Ian Eiloart escribió: >
>
> --On 9 November 2007 13:27:48 +0100 Adrian Chapela
> <achapela.rexistros@???> wrote:
>
>> Ian Eiloart escribió:
>>>
>>>
>>> --On 9 November 2007 12:50:43 +0100 Adrian Chapela
>>> <achapela.rexistros@???> wrote:
>>
>>> Provision of IP failover is highly dependent on the platform that
>>> you're using. It's not required for MX availability, because remote
>>> servers will try all your advertised servers. It is required for MSA
>>> availability, because MUAs will not.
>> Yes you are right, but if you have clients locally on your company, they
>> must connect to a smtp server and DNS round robin it isn't the best
>> solution to get hight availability (IMHO).
>
> That depends what you mean by "client". If you mean an MTA attempting
> to relay, then round robin should do reasonably well at low cost.
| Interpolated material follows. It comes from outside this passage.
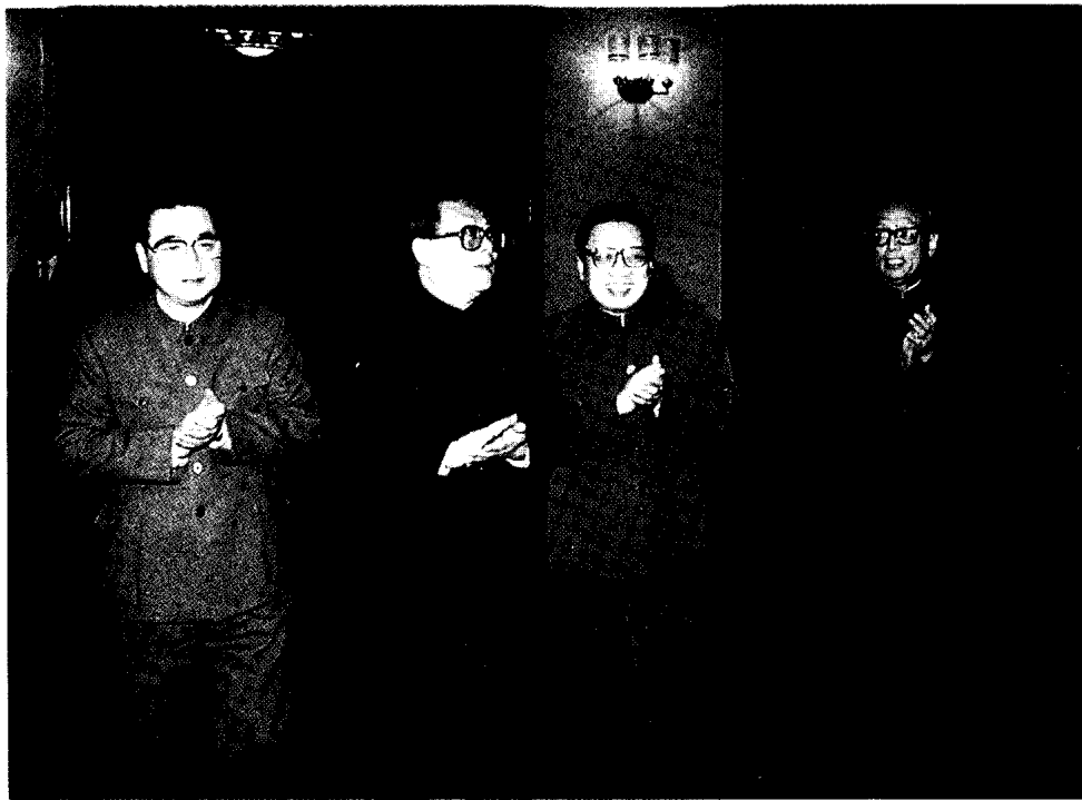
◆ 1990年1月6日上午，中央领导同志江泽民、李鹏、乔石在人民大会堂亲切会见了第十五次全国法院工作会议的代表。江泽民、李鹏同志作了重要讲话。

If
> you mean mail user agents (MUAs) then round robin doesn't help at all,
> as I said. I am talking about MUAs >
> Absolutely right - DNS round robin does nothing for MUAs (mail
> clients). Mail clients won't attempt to connect to a second IP
> address, so DNS round robin does nothing to achieve high availability
> at all. It merely serves to provide load balancing. Actually, if that
> makes the servers more capable, then you may get some small
> availability gains.
>
> So, for high availability you need to ensure that every IP address in
> the round robin is highly available. For that, you need IP failover.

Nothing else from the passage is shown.